Task objective:
Using the records that follow, reproduce exactly the lines starting at the line containing "Bring color-coding efficiency" and ending at the line containing "Милый мини увлажнитель". Include both end lines and no pictures.

Supplied data:
====

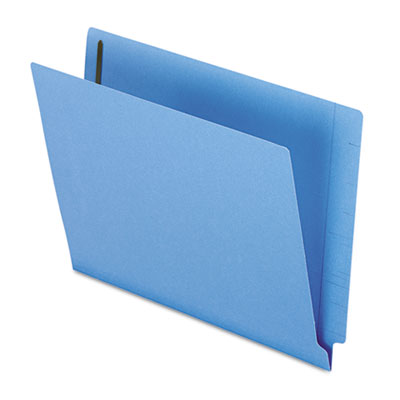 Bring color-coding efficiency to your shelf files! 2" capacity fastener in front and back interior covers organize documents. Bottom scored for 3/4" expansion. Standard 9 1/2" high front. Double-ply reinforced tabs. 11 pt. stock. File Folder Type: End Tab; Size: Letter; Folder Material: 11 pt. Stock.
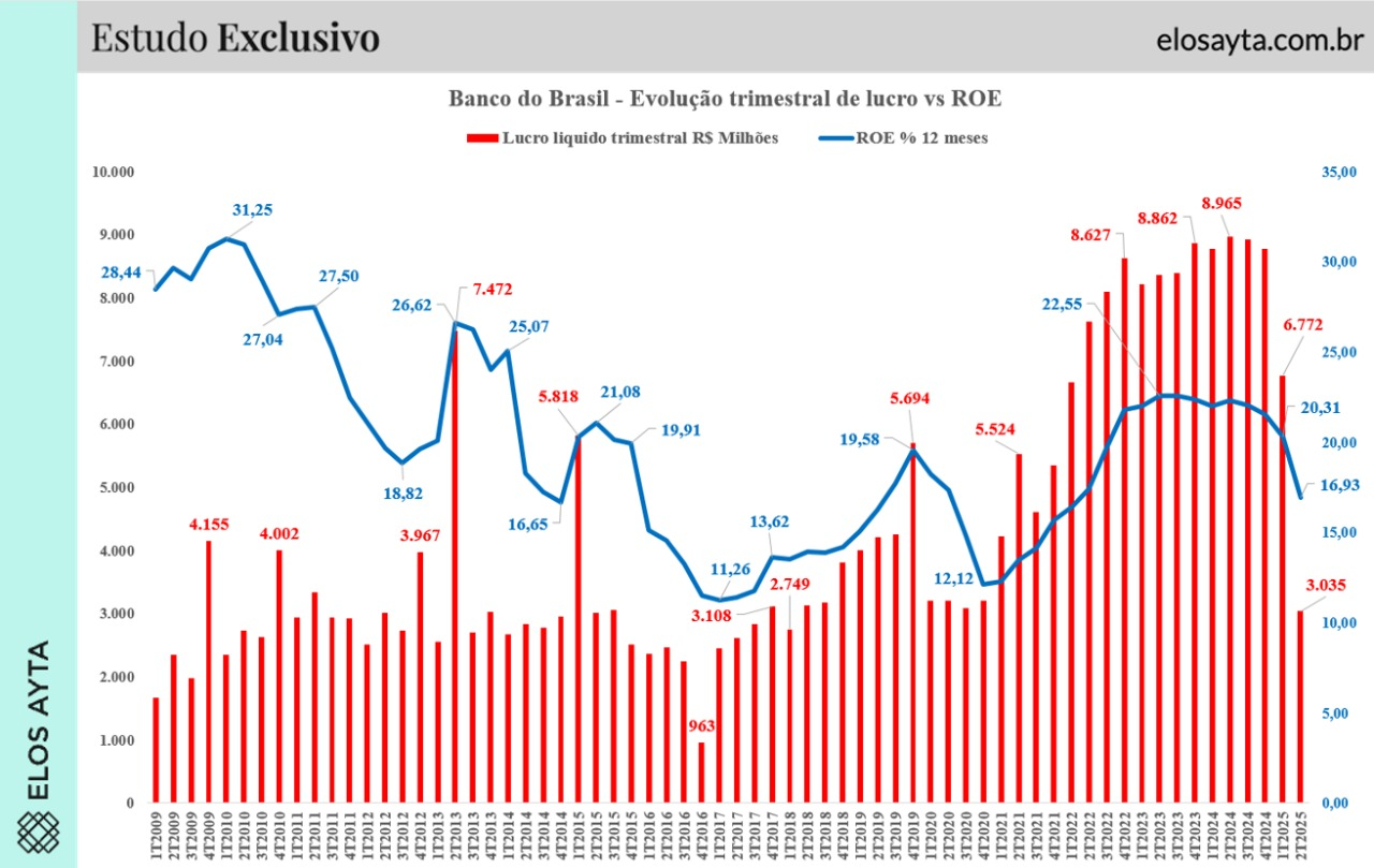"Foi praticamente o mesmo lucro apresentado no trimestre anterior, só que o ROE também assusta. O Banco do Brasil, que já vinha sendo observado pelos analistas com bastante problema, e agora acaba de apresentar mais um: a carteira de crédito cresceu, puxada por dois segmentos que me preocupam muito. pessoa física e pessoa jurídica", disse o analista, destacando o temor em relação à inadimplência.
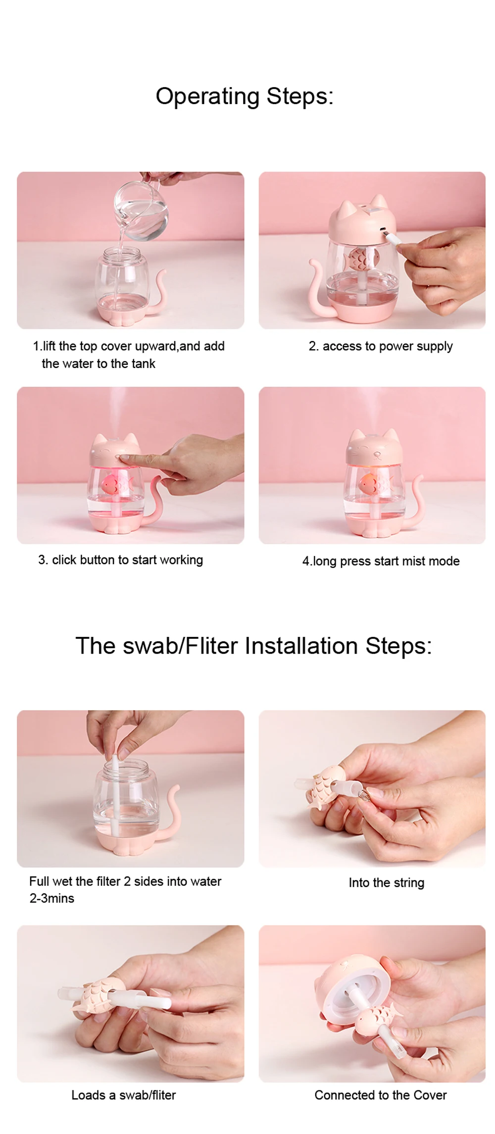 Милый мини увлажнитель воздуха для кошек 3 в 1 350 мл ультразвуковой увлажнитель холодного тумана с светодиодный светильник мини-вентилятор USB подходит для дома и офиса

====

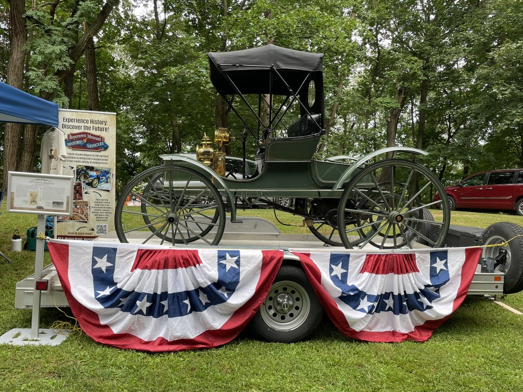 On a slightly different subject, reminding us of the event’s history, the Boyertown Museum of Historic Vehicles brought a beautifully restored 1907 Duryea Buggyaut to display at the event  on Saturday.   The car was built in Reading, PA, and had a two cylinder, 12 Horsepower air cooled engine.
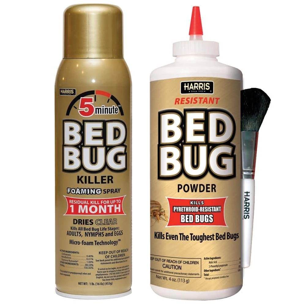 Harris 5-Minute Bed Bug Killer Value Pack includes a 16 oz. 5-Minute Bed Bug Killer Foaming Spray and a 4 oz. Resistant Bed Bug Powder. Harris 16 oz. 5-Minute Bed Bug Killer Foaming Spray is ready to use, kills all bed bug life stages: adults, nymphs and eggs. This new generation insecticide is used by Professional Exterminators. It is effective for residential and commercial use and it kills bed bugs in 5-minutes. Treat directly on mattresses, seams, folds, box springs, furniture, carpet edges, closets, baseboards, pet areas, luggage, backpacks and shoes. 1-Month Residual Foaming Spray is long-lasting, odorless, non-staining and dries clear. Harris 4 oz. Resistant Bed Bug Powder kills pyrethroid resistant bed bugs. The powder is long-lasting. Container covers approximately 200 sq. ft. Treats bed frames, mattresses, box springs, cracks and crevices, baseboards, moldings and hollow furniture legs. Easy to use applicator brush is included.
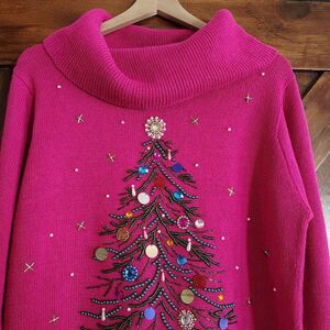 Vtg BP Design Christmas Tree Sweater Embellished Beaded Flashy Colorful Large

====

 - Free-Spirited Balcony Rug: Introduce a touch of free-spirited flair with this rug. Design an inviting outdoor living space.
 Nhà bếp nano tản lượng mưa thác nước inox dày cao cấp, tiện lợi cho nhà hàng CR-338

====

Reply:
 Bring color-coding efficiency to your shelf files! 2" capacity fastener in front and back interior covers organize documents. Bottom scored for 3/4" expansion. Standard 9 1/2" high front. Double-ply reinforced tabs. 11 pt. stock. File Folder Type: End Tab; Size: Letter; Folder Material: 11 pt. Stock.
"Foi praticamente o mesmo lucro apresentado no trimestre anterior, só que o ROE também assusta. O Banco do Brasil, que já vinha sendo observado pelos analistas com bastante problema, e agora acaba de apresentar mais um: a carteira de crédito cresceu, puxada por dois segmentos que me preocupam muito. pessoa física e pessoa jurídica", disse o analista, destacando o temor em relação à inadimplência.
 Милый мини увлажнитель воздуха для кошек 3 в 1 350 мл ультразвуковой увлажнитель холодного тумана с светодиодный светильник мини-вентилятор USB подходит для дома и офиса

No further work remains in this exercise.